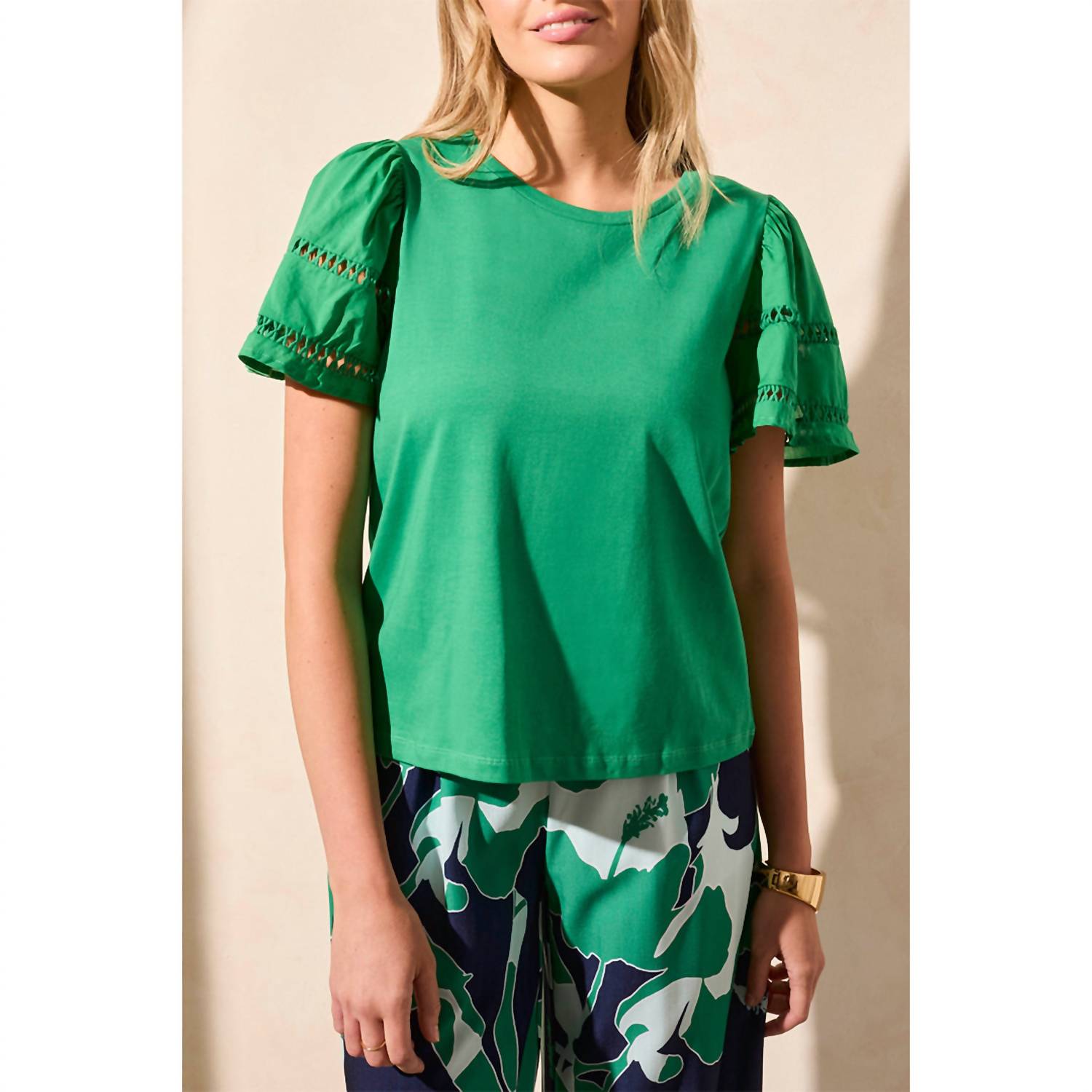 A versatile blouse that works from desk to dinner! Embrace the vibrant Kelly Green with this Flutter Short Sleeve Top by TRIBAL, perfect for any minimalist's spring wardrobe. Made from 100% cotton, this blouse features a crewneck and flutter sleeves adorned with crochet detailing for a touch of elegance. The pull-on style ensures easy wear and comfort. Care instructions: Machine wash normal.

------------------------

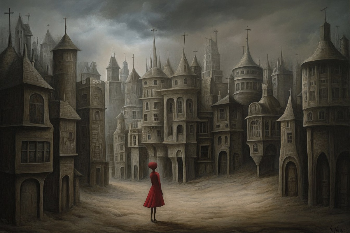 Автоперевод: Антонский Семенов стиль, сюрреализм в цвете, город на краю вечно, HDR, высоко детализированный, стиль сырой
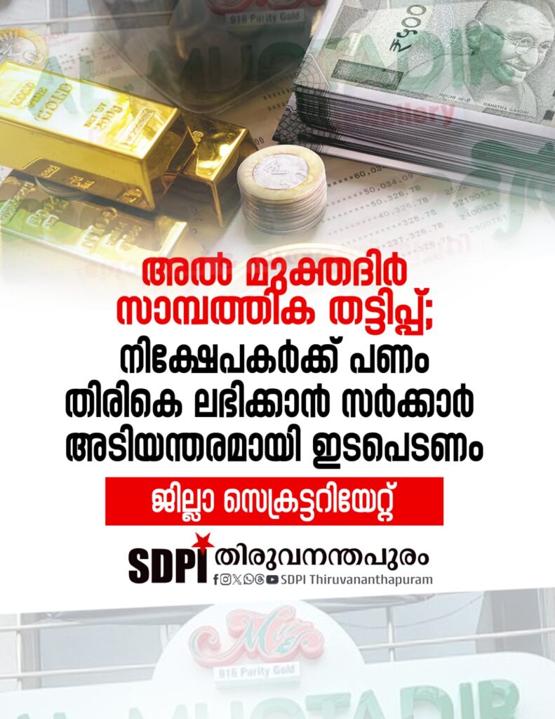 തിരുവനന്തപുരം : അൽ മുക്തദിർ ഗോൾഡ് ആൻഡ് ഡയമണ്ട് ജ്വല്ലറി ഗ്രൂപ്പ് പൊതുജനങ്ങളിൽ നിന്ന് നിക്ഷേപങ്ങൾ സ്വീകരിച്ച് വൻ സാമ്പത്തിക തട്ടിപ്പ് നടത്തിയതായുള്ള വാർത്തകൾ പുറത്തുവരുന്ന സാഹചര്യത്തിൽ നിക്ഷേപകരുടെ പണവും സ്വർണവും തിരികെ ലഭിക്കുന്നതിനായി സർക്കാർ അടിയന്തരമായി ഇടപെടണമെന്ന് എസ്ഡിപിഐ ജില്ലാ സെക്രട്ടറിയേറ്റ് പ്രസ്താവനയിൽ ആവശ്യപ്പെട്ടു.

------------------------

- **Exercise**
Copy only what runs above from the line containing "Автоперевод: Антонский Семенов" through the line containing "തിരുവനന്തപുരം : അൽ", exactly. Leave out the pictures.

- **Exercise solution**
 Автоперевод: Антонский Семенов стиль, сюрреализм в цвете, город на краю вечно, HDR, высоко детализированный, стиль сырой
 തിരുവനന്തപുരം : അൽ മുക്തദിർ ഗോൾഡ് ആൻഡ് ഡയമണ്ട് ജ്വല്ലറി ഗ്രൂപ്പ് പൊതുജനങ്ങളിൽ നിന്ന് നിക്ഷേപങ്ങൾ സ്വീകരിച്ച് വൻ സാമ്പത്തിക തട്ടിപ്പ് നടത്തിയതായുള്ള വാർത്തകൾ പുറത്തുവരുന്ന സാഹചര്യത്തിൽ നിക്ഷേപകരുടെ പണവും സ്വർണവും തിരികെ ലഭിക്കുന്നതിനായി സർക്കാർ അടിയന്തരമായി ഇടപെടണമെന്ന് എസ്ഡിപിഐ ജില്ലാ സെക്രട്ടറിയേറ്റ് പ്രസ്താവനയിൽ ആവശ്യപ്പെട്ടു.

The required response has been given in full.